Mayo 68. La revolución y el final de la izquierda
Las siglas de ultraizquierda, la retórica marxista –de una infinita pesadez-, la invocación de la lucha de los trabajadores, la fascinación por Trotski y Mao, todo lo que solemos olvidar de la fiesta sesentayochista, no debe llamar a engaño. En aquellos mismos momentos se estaba disolviendo la fe comunista, esa religión política que había llevado a millones de personas a creer -creer como hoy nadie se imagina ya que se pudo creer- en el advenimiento de un mundo nuevo, con un nuevo ser humano y nuevas relaciones sociales presididas por la Razón, la Justicia y la Igualdad.
La Revolución de Mayo iba a hacerse contra la trivialidad del parlamentarismo, el aburrimiento de la vida burguesa, la hipocresía de unas relaciones alienantes y la opresión de las masas por la alianza de burócratas y plutócratas. Nadie sabía cómo, pero el caso es que parecía a punto de hacerse realidad una alternativa a la democracia liberal. Más directa, más auténtica, la democracia iba a reflejar los deseos de quienes se proclamaban libres de cualquier sujeción. En realidad, lo que lograron aquellos revolucionarios fue, en primer lugar, desacreditar la alternativa comunista. El Partido Comunista Francés entendió el riesgo desde el primer momento, pero el apoyo a los acuerdos de Grenelle –que acababan con la clase trabajadora, habiendo estado destinados, tal vez, a acabar con la “revolución de los señoritos”- no hizo más que corroborar lo que era inevitable.

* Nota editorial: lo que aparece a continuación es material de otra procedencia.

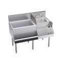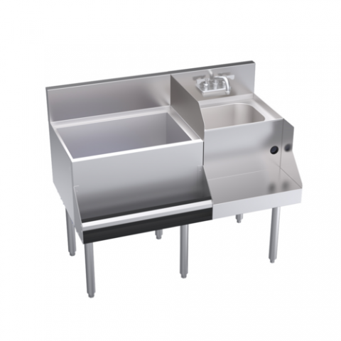 Royal Series Underbar Ice Bin/Cocktail Station, with blender station, 42"W x 24"D OA, 24"W ice bin on left with 10-circuit cold plate & bottle wells, 74 lbs. ice capacity, single speedrail, 18"W blender station on right with deep dump sink & duplex outlet, splash mount Royal Series faucet, stainless steel interior, stainless steel & galvanized exterior, stainless steel legs with adjustable thermoplastic bullet feet, NSF

Fue la última vez que la izquierda hizo política, porque si bien se dijo y se repitió hasta la saciedad que acabado el comunismo triunfaba la socialdemocracia, lo cierto es que esta también había entrado en fase de agotamiento, como demostró el ciclo liberal conservador, y muy poco rupturista, de los años Reagan-Thatcher.
La revolución inencontrable, como la llamó Raymond Aron, reforzó el gaullismo e incluso se permitió prescindir de De Gaulle para mejor continuar el régimen que este había instaurado diez años antes, a su medida y a la de Francia. El colapso del comunismo reforzó la democracia liberal y, dentro de estas, aquellas opciones que se alejaran de cualquier forma de socialismo. En cambio, sí que triunfó, y de qué manera, en las costumbres. Es dudoso que Mayo 68 y los estudiantes parisinos fueron los motores del inmenso cambio social que estaba a punto de ponerse en marcha. Venía de antes, de cuando los países occidentales empezaron a dejar atrás las estrecheces de la postguerra y las de unas economías intervenidas. También se estaba manifestando en formas populares ajenas al elitismo propio de los protagonistas de Mayo, que imaginaban el pueblo bajo los rasgos de unos proletarios a cuya vida se asomaron por primera –y última- vez cuando recorrieron la rue Vaugirard, la más larga de París, que va del antiguo barrio universitario, en pleno centro a lo que entonces era la periferia, donde se alzaba la mítica fábrica Renault.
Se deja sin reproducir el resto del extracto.